**Raw data:**

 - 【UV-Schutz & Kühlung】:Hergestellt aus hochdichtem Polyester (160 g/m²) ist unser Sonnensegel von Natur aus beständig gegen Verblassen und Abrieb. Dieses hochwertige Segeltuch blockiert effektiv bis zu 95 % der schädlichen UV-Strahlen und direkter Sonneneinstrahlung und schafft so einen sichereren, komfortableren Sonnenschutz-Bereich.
---
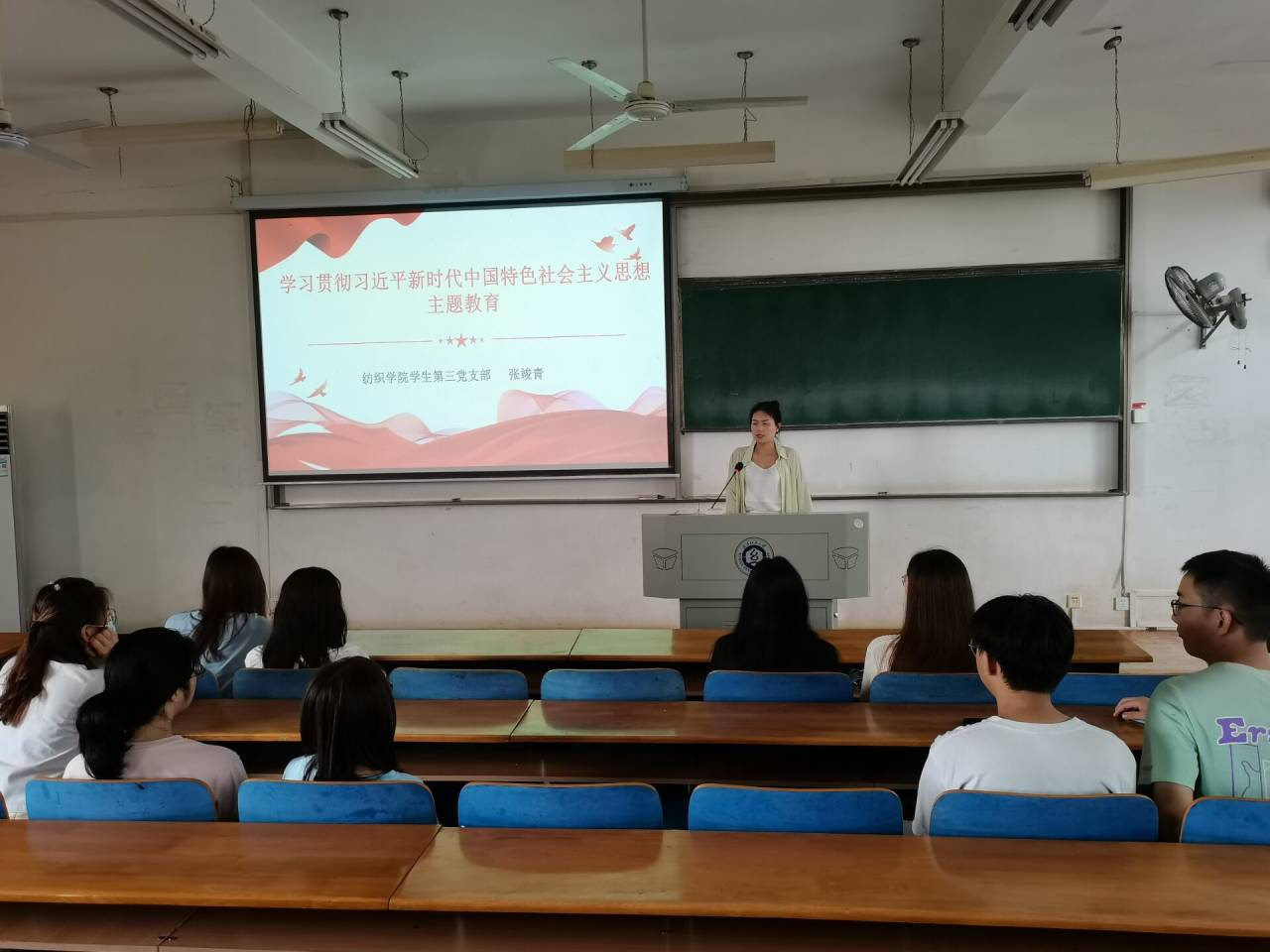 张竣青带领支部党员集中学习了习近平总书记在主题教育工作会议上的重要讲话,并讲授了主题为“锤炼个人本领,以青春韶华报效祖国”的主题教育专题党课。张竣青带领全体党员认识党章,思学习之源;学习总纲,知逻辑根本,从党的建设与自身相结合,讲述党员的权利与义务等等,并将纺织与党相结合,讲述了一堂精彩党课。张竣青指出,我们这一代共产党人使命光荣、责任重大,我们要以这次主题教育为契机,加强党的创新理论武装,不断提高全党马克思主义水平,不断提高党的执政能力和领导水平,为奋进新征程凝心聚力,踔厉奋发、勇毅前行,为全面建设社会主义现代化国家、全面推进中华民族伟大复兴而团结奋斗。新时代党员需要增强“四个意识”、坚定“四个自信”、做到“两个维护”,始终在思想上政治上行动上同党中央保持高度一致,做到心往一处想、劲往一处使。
...
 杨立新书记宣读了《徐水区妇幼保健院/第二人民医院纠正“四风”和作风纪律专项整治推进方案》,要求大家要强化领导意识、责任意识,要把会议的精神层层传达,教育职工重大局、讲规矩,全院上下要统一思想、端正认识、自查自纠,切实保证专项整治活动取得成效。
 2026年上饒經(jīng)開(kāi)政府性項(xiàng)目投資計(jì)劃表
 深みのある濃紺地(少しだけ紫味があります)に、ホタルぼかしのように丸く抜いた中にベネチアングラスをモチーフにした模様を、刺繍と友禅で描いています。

**Problem to solve:** Taking the records above, retype every line from the one with "杨立新书记宣读了《徐水区妇幼" down to the one with "深みのある濃紺地(少しだけ紫", exactly and with nothing else.

**Response below:**
 杨立新书记宣读了《徐水区妇幼保健院/第二人民医院纠正“四风”和作风纪律专项整治推进方案》,要求大家要强化领导意识、责任意识,要把会议的精神层层传达,教育职工重大局、讲规矩,全院上下要统一思想、端正认识、自查自纠,切实保证专项整治活动取得成效。
 2026年上饒經(jīng)開(kāi)政府性項(xiàng)目投資計(jì)劃表
 深みのある濃紺地(少しだけ紫味があります)に、ホタルぼかしのように丸く抜いた中にベネチアングラスをモチーフにした模様を、刺繍と友禅で描いています。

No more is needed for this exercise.